• Available data

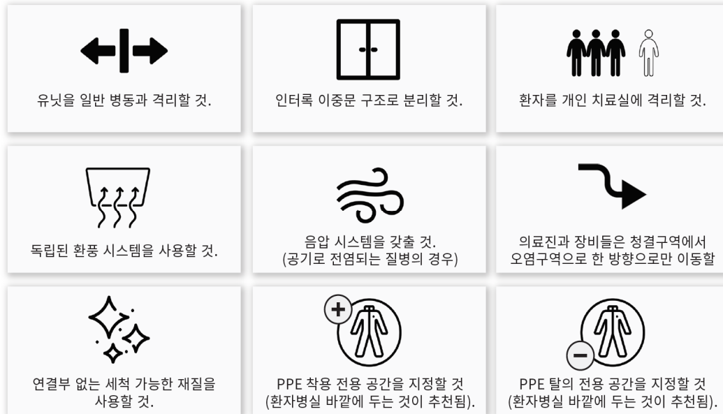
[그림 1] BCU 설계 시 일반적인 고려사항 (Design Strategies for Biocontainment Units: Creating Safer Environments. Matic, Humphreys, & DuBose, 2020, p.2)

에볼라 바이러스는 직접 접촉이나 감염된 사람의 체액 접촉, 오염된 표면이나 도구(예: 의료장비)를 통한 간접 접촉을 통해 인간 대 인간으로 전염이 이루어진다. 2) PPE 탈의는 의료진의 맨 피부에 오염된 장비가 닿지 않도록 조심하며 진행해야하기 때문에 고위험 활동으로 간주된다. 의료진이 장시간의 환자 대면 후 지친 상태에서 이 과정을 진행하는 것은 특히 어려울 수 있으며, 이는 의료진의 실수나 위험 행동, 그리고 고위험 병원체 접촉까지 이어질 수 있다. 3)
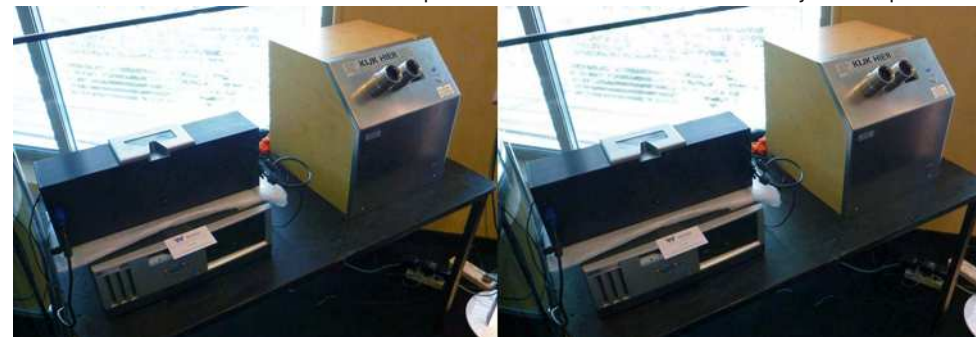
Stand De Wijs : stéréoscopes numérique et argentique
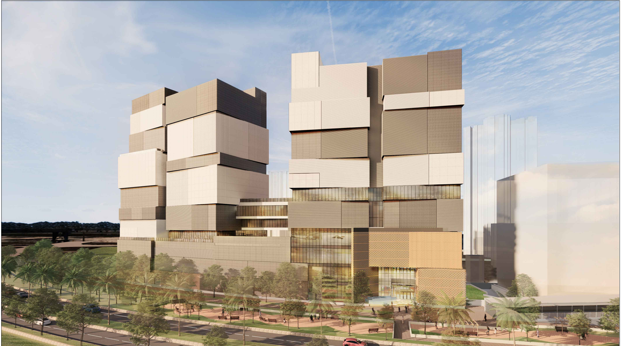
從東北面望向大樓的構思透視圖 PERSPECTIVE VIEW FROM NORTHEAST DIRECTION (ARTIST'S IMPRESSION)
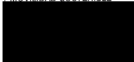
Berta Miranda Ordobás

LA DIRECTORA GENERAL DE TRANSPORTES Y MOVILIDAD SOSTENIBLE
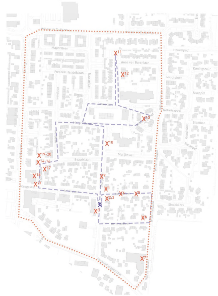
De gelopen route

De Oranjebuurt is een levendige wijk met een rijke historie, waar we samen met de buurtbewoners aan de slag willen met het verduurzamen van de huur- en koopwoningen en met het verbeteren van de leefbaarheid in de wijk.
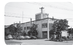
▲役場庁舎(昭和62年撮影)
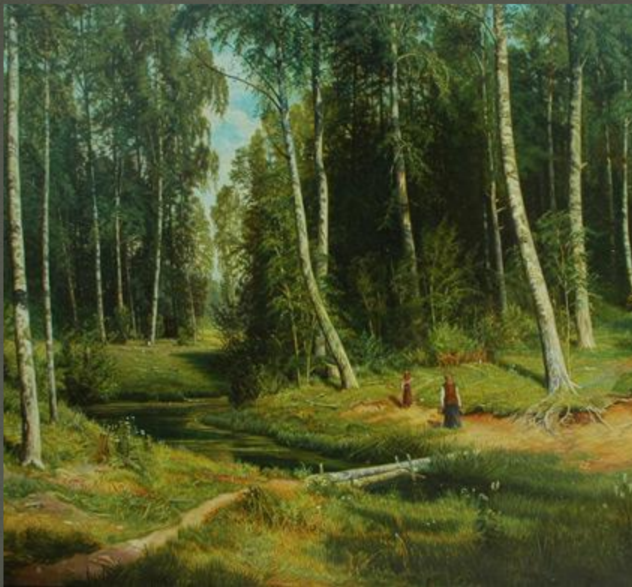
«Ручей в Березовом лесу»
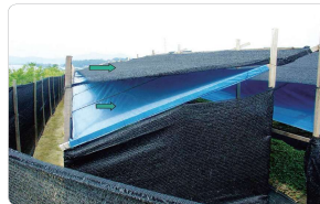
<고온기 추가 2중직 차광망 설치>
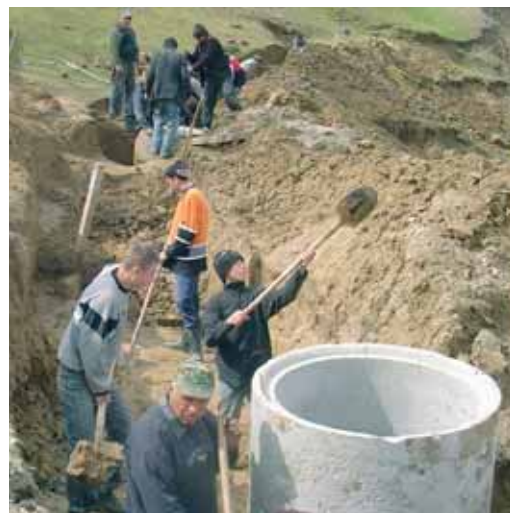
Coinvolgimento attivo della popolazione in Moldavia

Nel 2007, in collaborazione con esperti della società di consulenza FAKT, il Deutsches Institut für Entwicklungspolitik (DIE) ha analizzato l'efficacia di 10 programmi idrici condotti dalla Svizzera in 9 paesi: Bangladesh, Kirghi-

• Directions
Exact repetition of all entries is required. The pictures should not appear.

• Answer to the exercise
[그림 1] BCU 설계 시 일반적인 고려사항 (Design Strategies for Biocontainment Units: Creating Safer Environments. Matic, Humphreys, & DuBose, 2020, p.2)

에볼라 바이러스는 직접 접촉이나 감염된 사람의 체액 접촉, 오염된 표면이나 도구(예: 의료장비)를 통한 간접 접촉을 통해 인간 대 인간으로 전염이 이루어진다. 2) PPE 탈의는 의료진의 맨 피부에 오염된 장비가 닿지 않도록 조심하며 진행해야하기 때문에 고위험 활동으로 간주된다. 의료진이 장시간의 환자 대면 후 지친 상태에서 이 과정을 진행하는 것은 특히 어려울 수 있으며, 이는 의료진의 실수나 위험 행동, 그리고 고위험 병원체 접촉까지 이어질 수 있다. 3)
Stand De Wijs : stéréoscopes numérique et argentique
從東北面望向大樓的構思透視圖 PERSPECTIVE VIEW FROM NORTHEAST DIRECTION (ARTIST'S IMPRESSION)
Berta Miranda Ordobás

LA DIRECTORA GENERAL DE TRANSPORTES Y MOVILIDAD SOSTENIBLE
De gelopen route

De Oranjebuurt is een levendige wijk met een rijke historie, waar we samen met de buurtbewoners aan de slag willen met het verduurzamen van de huur- en koopwoningen en met het verbeteren van de leefbaarheid in de wijk.
▲役場庁舎(昭和62年撮影)
«Ручей в Березовом лесу»
<고온기 추가 2중직 차광망 설치>
Coinvolgimento attivo della popolazione in Moldavia

Nel 2007, in collaborazione con esperti della società di consulenza FAKT, il Deutsches Institut für Entwicklungspolitik (DIE) ha analizzato l'efficacia di 10 programmi idrici condotti dalla Svizzera in 9 paesi: Bangladesh, Kirghi-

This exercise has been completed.